*PROBLEM REQUIREMENTS*: Below are records with pictures. Transcribe exactly, and only, the lines from the line with "こんばんは🌝 ノーカラージャケット、白ニット、バルーンデニム、スニーカー、スヌードですねー 明日から、仕事…" to the line with "Ensure neat, readable", both ends included, but not the pictures.

*DATA EXCERPTS*:
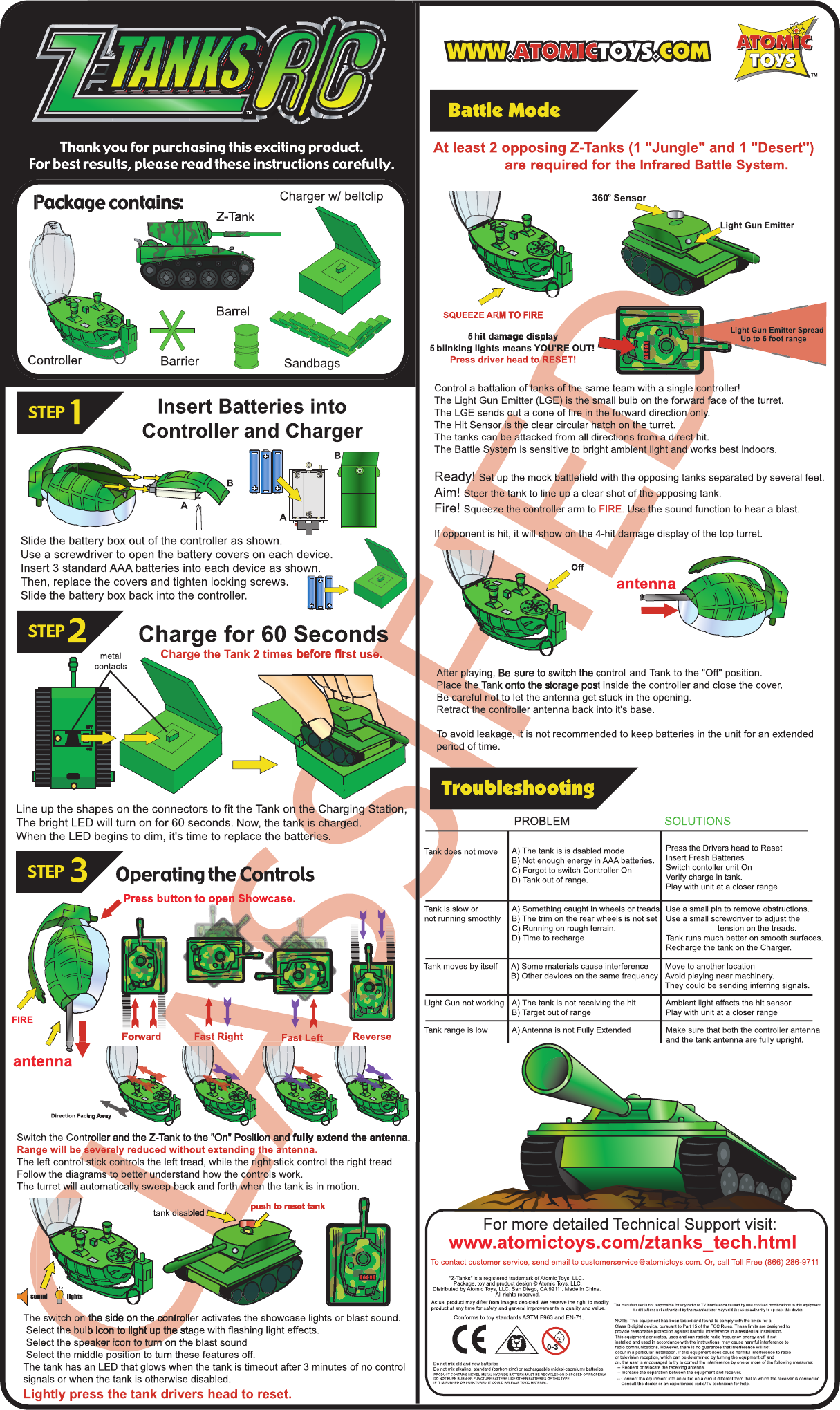 Atomic Toys, LLC Remote Control Toy Transmitter 27 Mhz Tank instruction 2
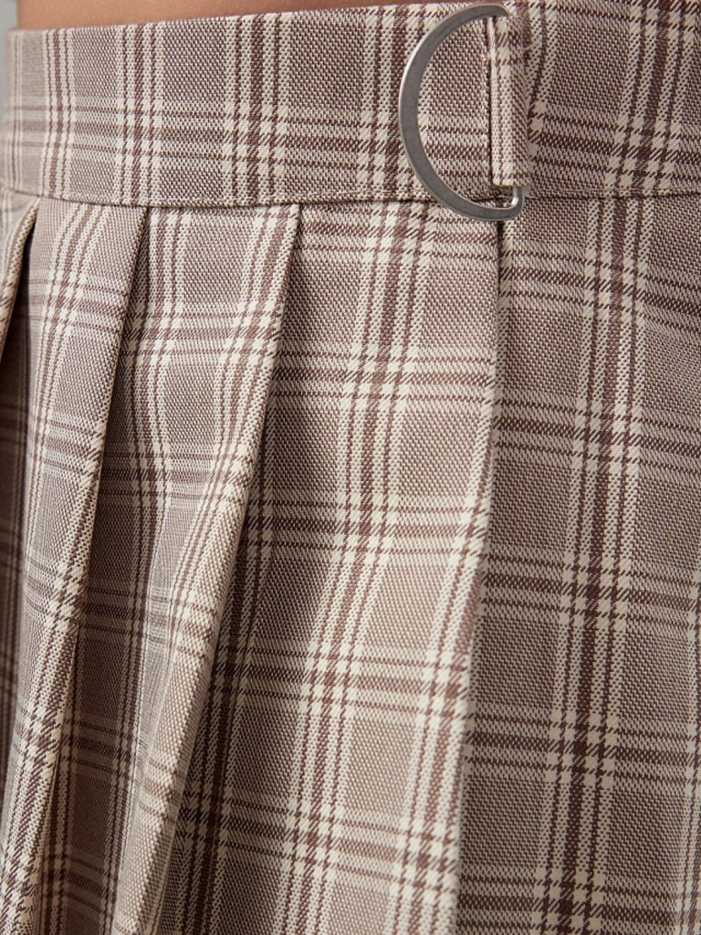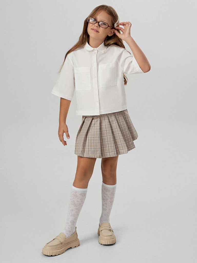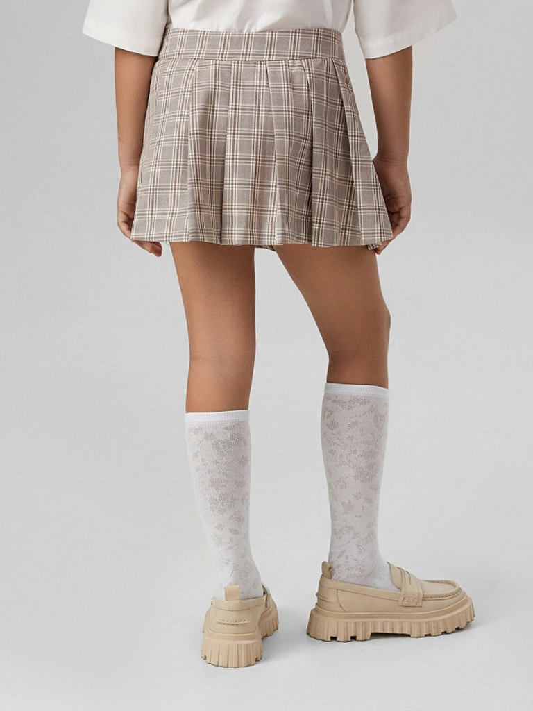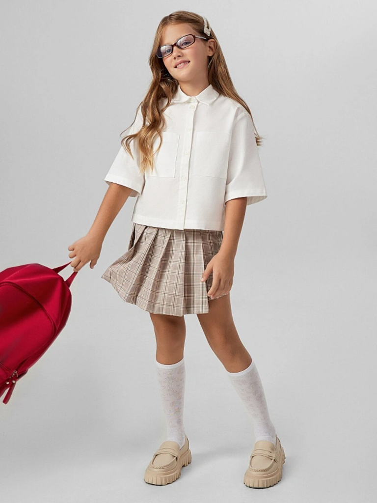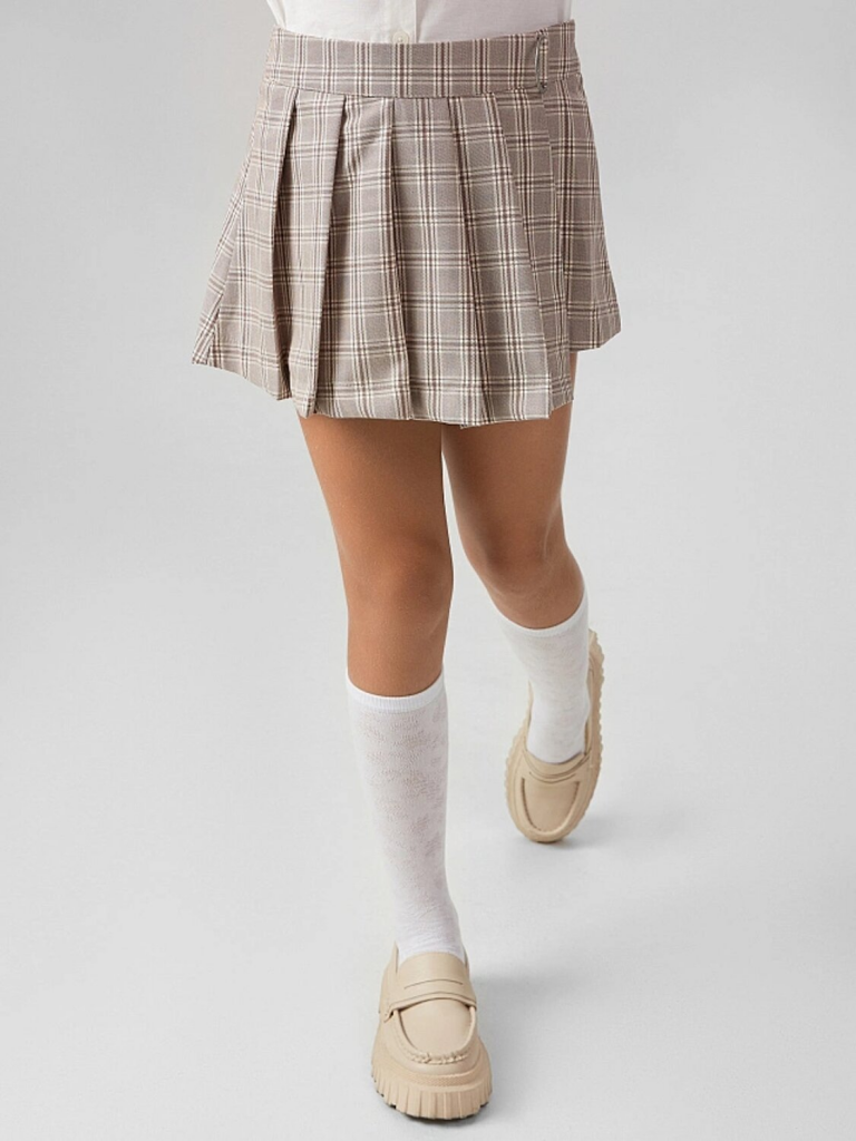 Стильная юбка для девочек бежевого цвета с принтом в коричневую клетку станет отличным выбором для школьного гардероба.
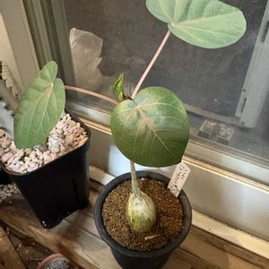 赤玉土単体を買い足しに園芸店へ。 物色してると可愛らしい植物を見つけて確保😁 観葉植物にハマってた頃以来、久しぶりのフィカスをお迎え🌿 今回は塊根植物としてですが(笑) ハート型の葉に赤みのある葉脈、そしてトックリ型の塊根部と、これまた好みな特徴が揃ってて、1000円以下だったんで個人的にコスパ良すぎ👍 久しぶりなフィカス属特有の三角成長点😆 植え替え.春まで待つか悩み中…
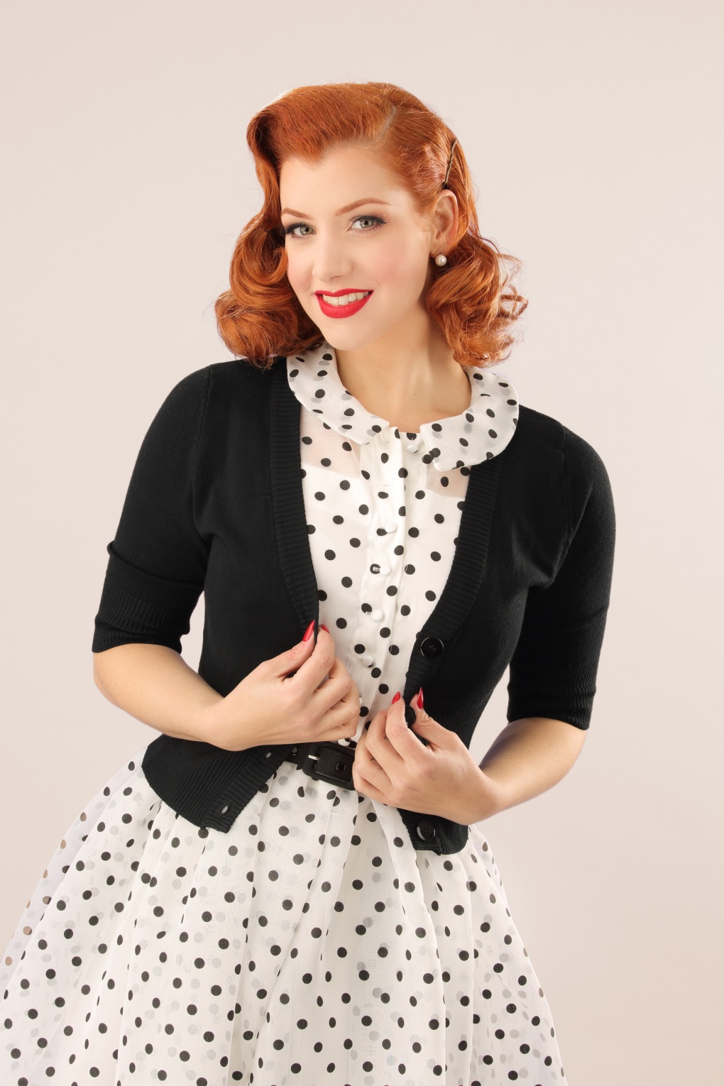 De 50s Overload Cardigan is een echte klassieker! Classy in al haar eenvoud en daardoor DE perfecte match met al jouw vintage kledingstukken! Deze korte cardi heeft een elegante V-halslijn, 1/2 mouwen en grote glimmende knopen. Uitgevoerd in een fijngebreide, zwarte viscosemix met een heerlijke stretch voor een mooie aansluitende pasvorm. De combinatiemogelijkheden zijn eindeloos!   * V-halslijn * 1/2 mouwen * Reeks knopen * Stretchy ribboord langs de halslijn, mouwen en onderkant * Korter stijltje
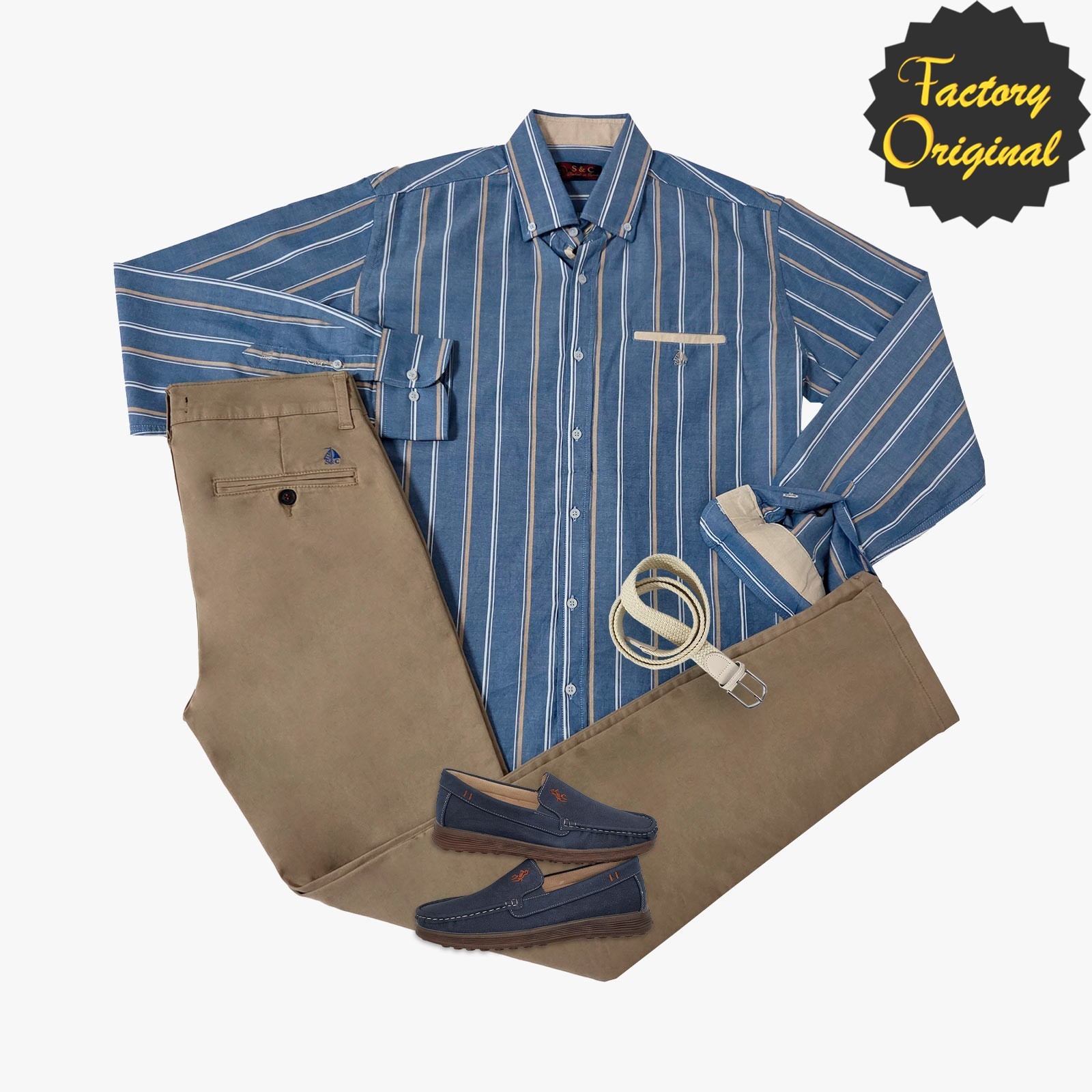Pack camisa barco rayas palermo Pantalón chino barco bolsillo clásico beis tostado nautico nord marino SYC Factory Original
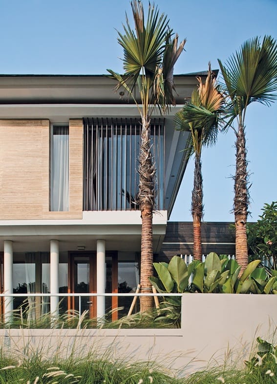 Pada bagian taman di depan rumah ditanam beberapa pohon palem untuk menguatkan kesan hunian tropis. Adapun pada bagian samping hunian, yang terdapat kolam renang, menjadi pusat orientasi visual bagi ruang keluarga dan kamar tidur utama.
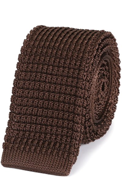 Фактурный вязаный аксессуар поможет обойти правило, по которому галстуки сочетаются только с пиджаком. Попробуйте носить эту узкую модель цвета темного шоколада с кардиганом, рубашкой и формальными брюками. Мастера марки выполнили изделие вручную из тонкой шелковой пряжи.
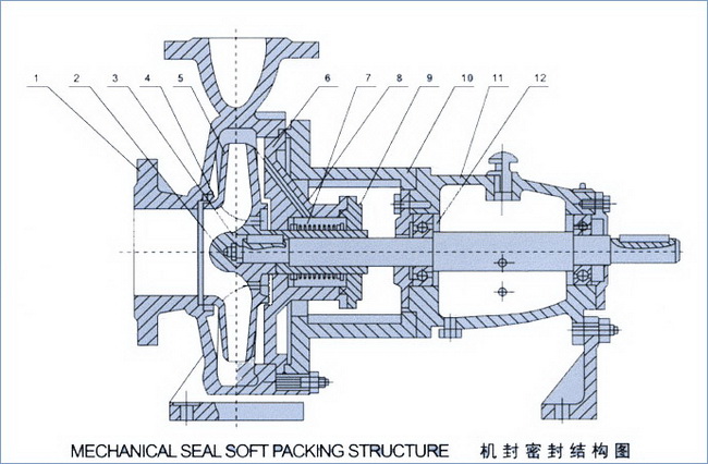 ![]() IH型化工泵結構圖1、泵體2、葉輪螺母3、止動墊圈4、密封環5、葉輪6、泵蓋7、機械密封8、填料壓蓋9、軸套10、中間托架11、懸架12、泵軸
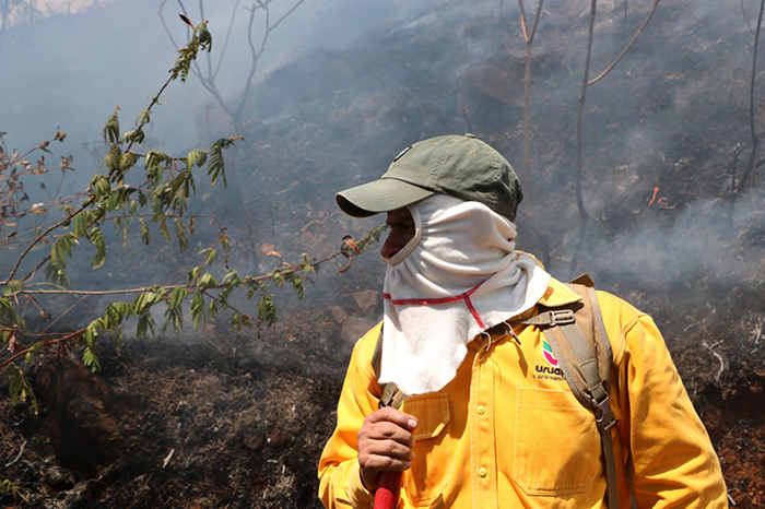 Redacción / La Voz de Michoacán Uruapan, Michoacán. Gracias a los esfuerzos realizados por brigadistas municipales Delfines, de la Comisión Nacional Forestal (Conafor) y Protección Civil Municipal, se logró controlar el incendio registrado a las 12:00 horas en el Cerro de La Cruz, a la altura de la calle Prolongación Sinaloa. Fueron más de 6 horas de maniobras de control y sofocación, donde los brigadistas contra incendios surcaban guardarrayas y realizaban labores de cortafuego para evitar que el incendio se propagará por las diferentes zonas boscosas del cerro de La Cruz. El apoyo de Bomberos Voluntarios de Uruapan, Seguridad Ambiental, Inspección Ambiental, voluntarios de la zona, personal de la Secretaría de Desarrollo Urbano y Medio Ambiente, además de dependencias municipales, fueron claves para lograr sofocar totalmente el fuego pasadas las 18 horas. Los primeros reportes señalan que no hubo daño en arbolado, sólo quema de herbáceas y arbustivas. En estos momentos brigadistas y especialistas ambientales resguardaran el lugar para realizar el dictamen final de la zona afectada y evitar que las llamas vayan a reavivar.
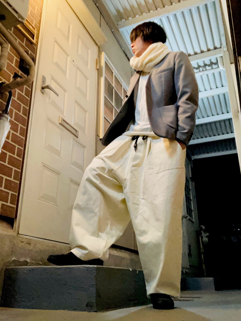 こんばんは🌝 ノーカラージャケット、白ニット、バルーンデニム、スニーカー、スヌードですねー 明日から、仕事… 年末年始休みあっという間に終わった😱
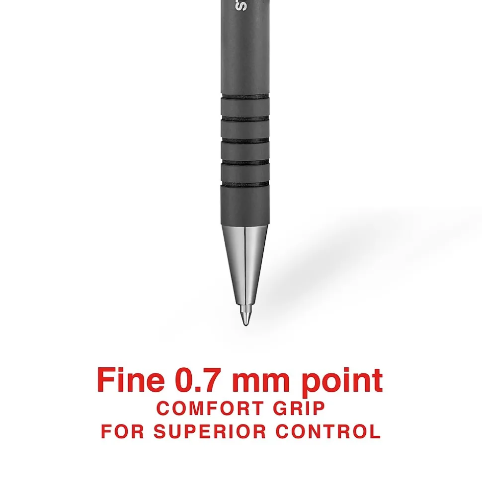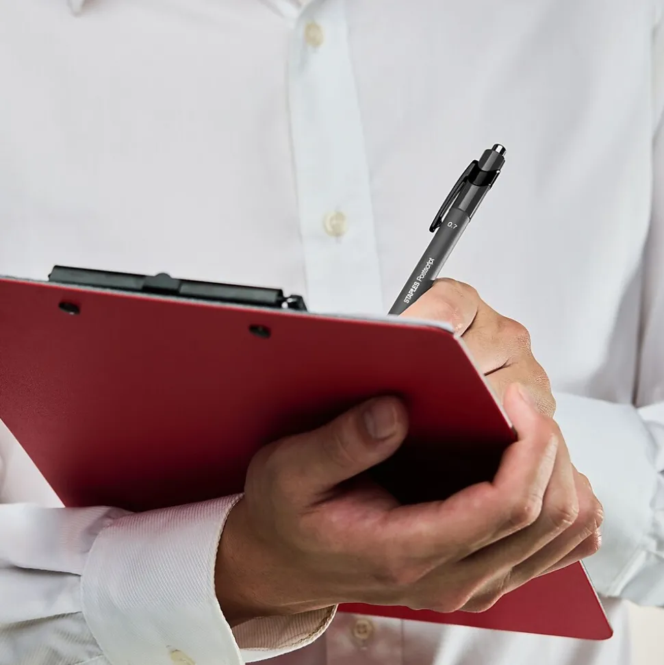 Ensure neat, readable writing with these Staples Postscript ballpoint pens. Smooth-touch barrels and ridged design offer added comfort, while the black ink glides across your paper. Each pen features a handy clip for storing in pockets or attaching to clipboards. The retractable design means there’s no caps to lose, making these Staples Postscript ballpoint pens ideal for use in reception areas, classrooms and waiting rooms.
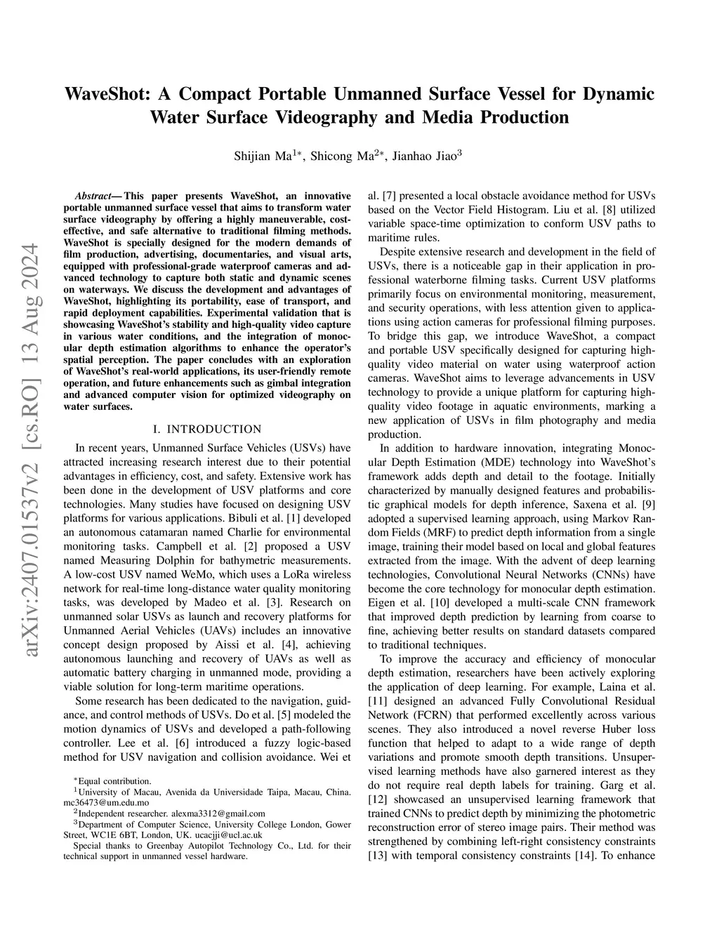 This paper presents WaveShot, an innovative portable unmanned surface vessel that aims to transform water surface videography by offering a highly maneuverable, cost-effective, and safe alternative to traditional filming methods. WaveShot is designed for the modern demands of film production, advertising, documentaries, and visual arts, equipped with professional-grade waterproof cameras and advanced technology to capture static and dynamic scenes on waterways. We discuss the development and advantages of WaveShot, highlighting its portability, ease of transport, and rapid deployment capabilities. Experimental validation showcasing WaveShot's stability and high-quality video capture in various water conditions, and the integration of monocular depth estimation algorithms to enhance the operator's spatial perception. The paper concludes by exploring WaveShot's real-world applications, its user-friendly remote operation, and future enhancements such as gimbal integration and advanced computer vision for optimized videography on water surfaces.

*YOUR RESPONSE*:
 こんばんは🌝 ノーカラージャケット、白ニット、バルーンデニム、スニーカー、スヌードですねー 明日から、仕事… 年末年始休みあっという間に終わった😱
 Ensure neat, readable writing with these Staples Postscript ballpoint pens. Smooth-touch barrels and ridged design offer added comfort, while the black ink glides across your paper. Each pen features a handy clip for storing in pockets or attaching to clipboards. The retractable design means there’s no caps to lose, making these Staples Postscript ballpoint pens ideal for use in reception areas, classrooms and waiting rooms.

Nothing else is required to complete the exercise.